Я помедлил с ответом. Взял еще кусок хлеба, оглядел стол, что бы положить на бутерброд. Салями с майонезом, вот что будет в самый раз.

– Не то чтобы познакомился. Я больше держался с теми, кого уже знаю.

Я посмотрел на маму:

– А где папа?

– В амбаре. Сегодня он собирается к бабушке. Поедешь с ним?

– Нет, лучше не надо, – сказал я. – Вчера столько было народу. Мне бы побыть одному. Может быть, сбегаю к Перу. Но и только. А что ты будешь делать?

– Еще не решила. Может быть, почитаю. А потом начну укладываться. Завтра мне на самолет.

– Да, точно, – сказал я. – А Ингве когда приедет?

– Наверное, на днях. Когда вы с папой уже будете дома.

– Ага, – кивнул я.

Тут я обратил внимание на приготовленный бабушкой зельц: неплохо будет соорудить следующий бутерброд с зельцем. А потом с рулетом из баранины.


Через полчаса я уже был на крыльце у Пера и звонил в дверь. Открывать вышел его отец. Судя по одежде, он как раз собрался выходить – он был в зеленой, на меху, армейской куртке, из-под которой виднелся синий тренировочный костюм из блестящей ткани, в светлых ботинках и с поводком в руке. Их собака, старый золотистый ретривер, виляла хвостом, просунувшись у него между ног.

– Да это никак ты, парень! – сказал отец Пера. – С Новым годом тебя!

– С Новым годом! – ответил я.

– Все в гостиной, – сказал он. – Заходи.

Насвистывая, он прошел мимо меня во двор к открытой двери гаража. Я скинул ботинки и вошел в дом. Он был большой и просторный, недавно построенный, насколько я знал, самим отцом семейства; почти из всех комнат открывался вид на реку. Сразу за передней располагалась кухня, сейчас там хлопотала мама Пера, она улыбнулась мне и приветливо поздоровалась, дальше была гостиная, там сидел Пер с братом Томом, сестрой Марит и своим лучшим другом Трюгве.

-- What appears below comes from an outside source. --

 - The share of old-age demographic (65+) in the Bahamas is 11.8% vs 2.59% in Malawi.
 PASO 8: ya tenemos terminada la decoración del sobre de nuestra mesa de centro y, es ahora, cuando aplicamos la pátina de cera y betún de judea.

– Что смотрим? – спросил я.

– «Пушки острова Наварон», – сказал Пер.

– Давно началось?

– Нет. Полчаса назад. Можем перемотать назад, если хочешь.

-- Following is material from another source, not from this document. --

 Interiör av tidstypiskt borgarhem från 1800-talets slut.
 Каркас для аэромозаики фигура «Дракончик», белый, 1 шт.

– Перемотать назад? – возмутился Трюгве. – Мы же не собираемся смотреть все сначала?

– Но ведь Карл Уве не видел, – принялся оправдываться Пер. – Это недолго.

– Недолго? Целых полчаса, – сказал Трюгве.

Пер подошел к видеомагнитофону и присел перед ним на корточки.

– Раскомандовался тут! – сказал Том.

– Ага, – сказал Пер.

Он нажал на «стоп», а затем на перемотку. Марит встала и направилась к лестнице, ведущей на второй этаж.

– Крикни, когда дойдет до того места, где было сейчас, – сказала она.

Пер кивнул. В устройстве что-то несколько раз щелкнуло, одновременно раздался какой-то гидравлический писк, прежде чем механизм заработал и лента, постепенно ускоряясь и все громче гудя, начала вертеться в обратную сторону, затем заглохла задолго до конца и крутилась еле-еле, словно самолет, который, подлетев на бешеной скорости по воздуху и промчавшись по посадочной дорожке, тихо и плавно выруливает к терминалу.

– Небось, целый вечер просидел дома с папой и мамой? – спросил я, взглянув на Трюгве.

– Да! – ответил он. – А ты, небось, в гостях был и выпивал?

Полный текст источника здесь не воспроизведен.